I really do sympathise. But, based very much on how it was for me, can I ask you:
"It isn't so much the taste, although I did find myself looking sadly at a gorgeous Shiraz and some Dolcelatte and knowing I couldn't indulge in one of the most perfect marriages in gastronomy" - if you drink throughout a meal (or evening) what state is your palate in by the later stages of the meal? Do you HONESTLY appreciate "one of the most perfect marriages in gastronomy" or is it pearls before swine by that point?
"it is the growing exuberance, lightheartedness and joy that I find I miss in a crowd of good friends" - you say you miss this, but when was the last time you actually had it? I ask because personally, if my drinking had stayed like this, I would still be doing it and certainly wouldn't be looking to cut down or stop. I certainly remember that feeling as an undergraduate - by the time I was 27, things were very different ...

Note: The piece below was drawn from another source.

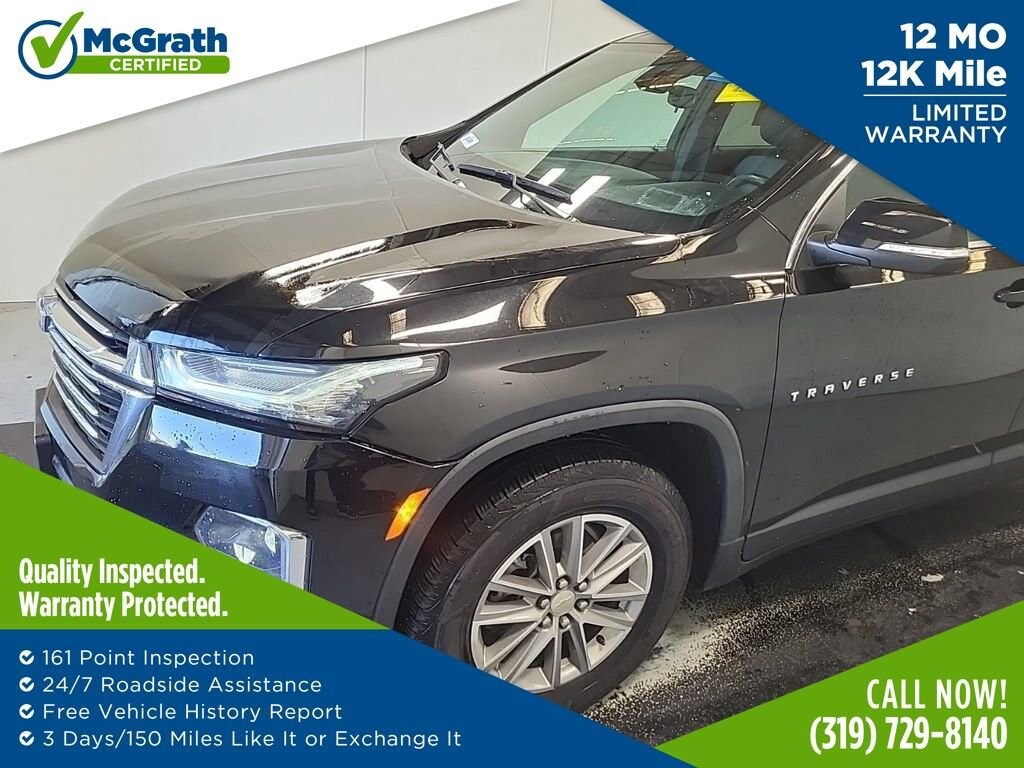 18/27 City/Highway MPG Priced below KBB Fair Purchase Price!Certification Program Details: McGrath Certified Benefits: * Free Vehicle History Report * 106 Point Full Vehicle Condition Inspection * Like it or Exchange it! Three Day Policy 2023 Chevrolet Traverse LT 1LT 3.6L V6 SIDI VVT FWDWe're in the customer service business first, the car business second.- H.B. McGrath. Our goal is to offer our customers great vehicles at unmatched prices, but the car business isn't just about the product, it's about the people. Welcome to McGrath, your destination for award-winning automotive excellence! Wwe were voted CBJ's 2024 #1 Coolest Place to Work and winner of 2024 Best of the Best Auto Dealer, Auto Service, and Fleet Dealer. We’re proud to deliver unmatched quality and service. With over 11,000 5-star Google reviews, our customers’ trust and satisfaction drive everything we do. Whether you’re buying, servicing, or building your fleet, experience why McGrath is the top choice for all your automotive needs! If we aren't making our customers happy, we aren't in business. It's as simple as that, and we intend to deliver on the promise: Get More with McGrath.Prices may change at any time and are subject to availability and prior sale. Taxes, title, license fees, and a $180 documentation fee are not included. Pricing reflects all applicable rebates and incentives assigned to the dealer. Example payments are estimates; actual terms vary based on credit approval. APR and payment estimates apply to qualified buyers, not all buyers qualify for advertised rates. Factory cash incentives may not be combined with promotional APR. Fuel economy ratings and driving range figures are based on EPA estimates for new vehicles, and actual mileage and range may vary. Some in-stock vehicles may include a $1,295 Clear Guard Protection package By submitting your phone number online, you consent to occasional SMS or voice calls about our products and promotions; standard messaging rates may apply. Consult dealer for offer eligibility and other details. Factory MSRP is not the final advertised/asking price of the vehicle. Fuel economy figures are official EPA estimates and clearly labeled as such.

"I suppose what I'm saying if I were honest is that it's the effect I miss" - do you really miss the actual effect, or, like me, is it a half-remembered, once-upon-a-time effect that you miss; that you already missed while still drinking, in fact, and that you were chasing in the hope of recapturing?

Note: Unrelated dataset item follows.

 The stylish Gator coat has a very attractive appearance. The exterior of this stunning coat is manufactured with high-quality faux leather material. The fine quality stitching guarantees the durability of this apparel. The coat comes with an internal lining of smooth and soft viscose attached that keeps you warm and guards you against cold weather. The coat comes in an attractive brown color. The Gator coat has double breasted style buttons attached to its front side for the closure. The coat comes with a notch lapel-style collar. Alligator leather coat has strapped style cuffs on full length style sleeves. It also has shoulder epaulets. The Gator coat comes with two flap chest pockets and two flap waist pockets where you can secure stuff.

Again, looking back to those golden days, how many times then did you need to swig it from the bottle on the sly? Is that really part of the good times?
You're doing really well and it's great that you're getting honest - but the bottle will lie to you, given the chance, and it's that that threatens you, much more than the contents.
I don't know if you're happy yet to use the A word, but I am about me, and I like to remember, "the alcohol's in the bottle, the ism's in me."